(Data supplied begins)
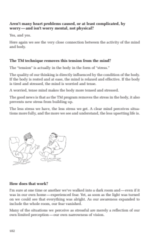 182Aren%u2019t many heart problems caused, or at least complicated, by worry%u2014and isn%u2019t worry mental, not physical?Yes, and yes. Here again we see the very close connection between the activity of the mind and body. The TM technique removes this tension from the mind?The %u201ctension%u201d is actually in the body in the form of %u201cstress.%u201d The quality of our thinking is directly influenced by the condition of the body. If the body is rested and at ease, the mind is relaxed and effective. If the body is tired and stressed, the mind is worried and tense.A worried, tense mind makes the body more tensed and stressed.The good news is that as the TM program removes the stress in the body, it also prevents new stress from building up. The less stress we have, the less stress we get. A clear mind perceives situations more fully, and the more we see and understand, the less upsetting life is.How does that work?I%u2019m sure at one time or another we%u2019ve walked into a dark room and%u2014even if it was in our own home%u2014experienced fear. Yet, as soon as the light was turned on we could see that everything was alright. As our awareness expanded to include the whole room, our fear vanished.Many of the situations we perceive as stressful are merely a reflection of our own limited perception%u2014our own narrowness of vision.
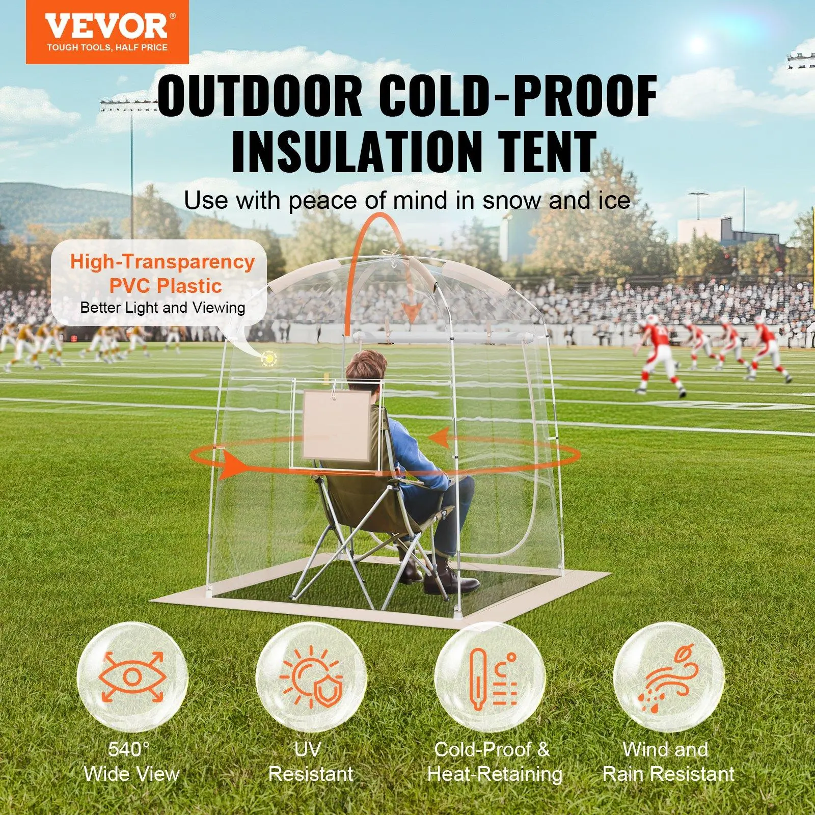 ·50" x 50" Waterproof & Cold-Resistant Tent: Our sports tent is made with cold-resistant PVC plastic, designed to keep you cozy while providing a crystal-clear view. Thanks to its tear-proof material and heat-sealed seams, no need to worry about leaks—even in snowy conditions. With a roomy four-sided design and a window, you'll have plenty of space to enjoy the outdoors.
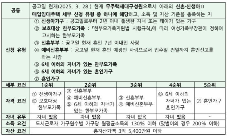 2025년 상반기 신혼·신생아 매입임대주택 신청 자격
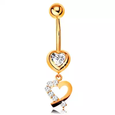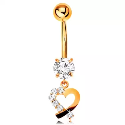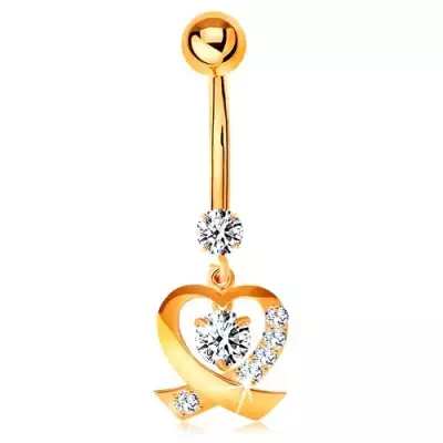 14K arany köldök piercing - csillogó szív körvonal, kerek átlátszó cirkóniák
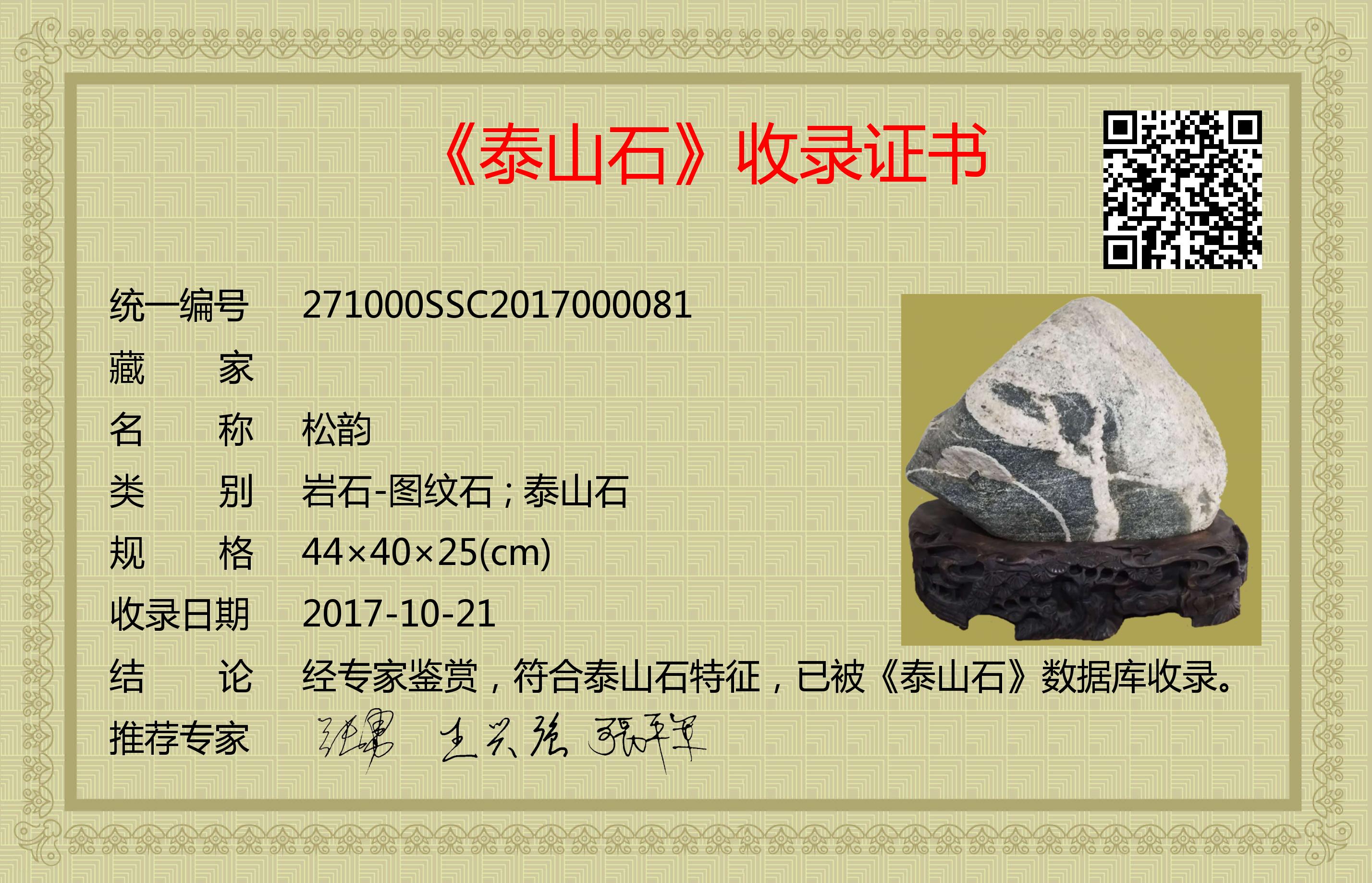 经专家鉴赏,符合泰山石特征,已被《泰山石》数据库收录。
(Data supplied ends)
Exercise prompt » Retype the lines from the one containing "2025년 상반기 신혼·신생아 매입임대주택 신청 자격" down to the last line of the records, both included, exactly and nothing more. Pictures stay out.

Solution to this problem »
 2025년 상반기 신혼·신생아 매입임대주택 신청 자격
 14K arany köldök piercing - csillogó szív körvonal, kerek átlátszó cirkóniák
 经专家鉴赏,符合泰山石特征,已被《泰山石》数据库收录。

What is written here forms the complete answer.